**Data section**
● ● ● ●

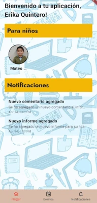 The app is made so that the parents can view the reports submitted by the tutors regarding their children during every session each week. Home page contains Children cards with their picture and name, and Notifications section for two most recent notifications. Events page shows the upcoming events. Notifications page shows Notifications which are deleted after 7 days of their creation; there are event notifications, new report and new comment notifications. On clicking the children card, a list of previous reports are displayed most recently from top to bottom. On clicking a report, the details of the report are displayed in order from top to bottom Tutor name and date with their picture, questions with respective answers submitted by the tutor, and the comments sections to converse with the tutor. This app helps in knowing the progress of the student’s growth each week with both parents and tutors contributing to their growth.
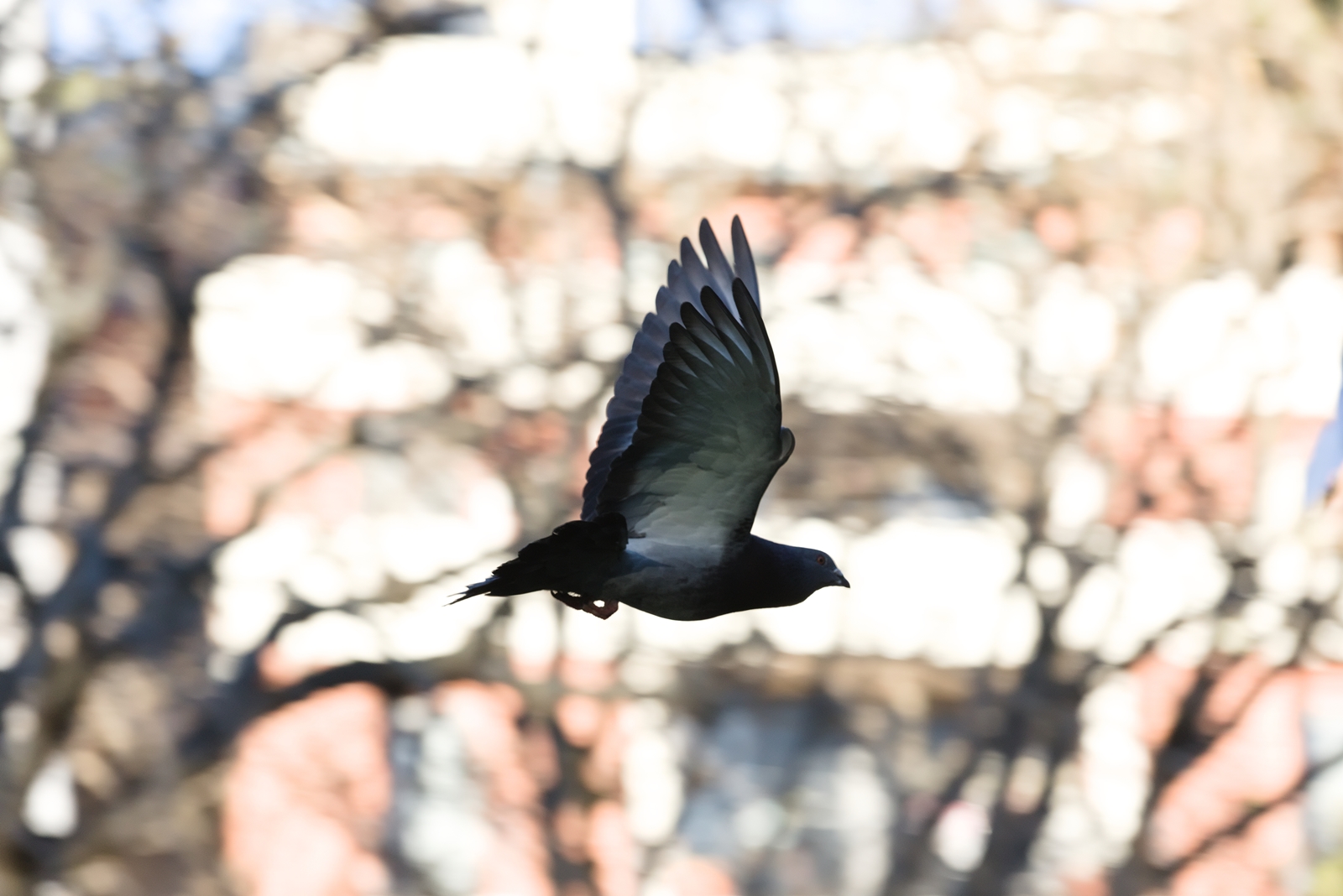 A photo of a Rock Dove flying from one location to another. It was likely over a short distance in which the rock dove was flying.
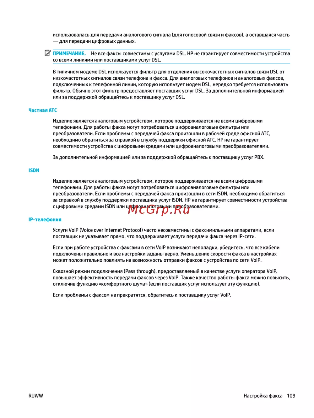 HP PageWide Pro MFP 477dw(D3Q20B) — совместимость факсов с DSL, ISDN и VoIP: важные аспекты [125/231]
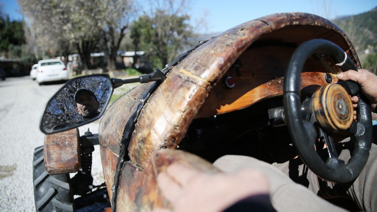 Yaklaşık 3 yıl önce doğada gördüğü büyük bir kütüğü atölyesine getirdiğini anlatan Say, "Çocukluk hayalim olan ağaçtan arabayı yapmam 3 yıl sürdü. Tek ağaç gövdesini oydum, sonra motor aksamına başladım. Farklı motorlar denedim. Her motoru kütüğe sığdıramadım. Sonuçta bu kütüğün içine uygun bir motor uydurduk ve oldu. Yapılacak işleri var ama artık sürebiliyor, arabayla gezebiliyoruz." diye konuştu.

● ● ● ●

**Your goal**
Output, exactly as written, only the lines from the beginning of the listing through the line containing "HP PageWide Pro", both included, and no pictures.

**Output of the exercise**
 The app is made so that the parents can view the reports submitted by the tutors regarding their children during every session each week. Home page contains Children cards with their picture and name, and Notifications section for two most recent notifications. Events page shows the upcoming events. Notifications page shows Notifications which are deleted after 7 days of their creation; there are event notifications, new report and new comment notifications. On clicking the children card, a list of previous reports are displayed most recently from top to bottom. On clicking a report, the details of the report are displayed in order from top to bottom Tutor name and date with their picture, questions with respective answers submitted by the tutor, and the comments sections to converse with the tutor. This app helps in knowing the progress of the student’s growth each week with both parents and tutors contributing to their growth.
 A photo of a Rock Dove flying from one location to another. It was likely over a short distance in which the rock dove was flying.
 HP PageWide Pro MFP 477dw(D3Q20B) — совместимость факсов с DSL, ISDN и VoIP: важные аспекты [125/231]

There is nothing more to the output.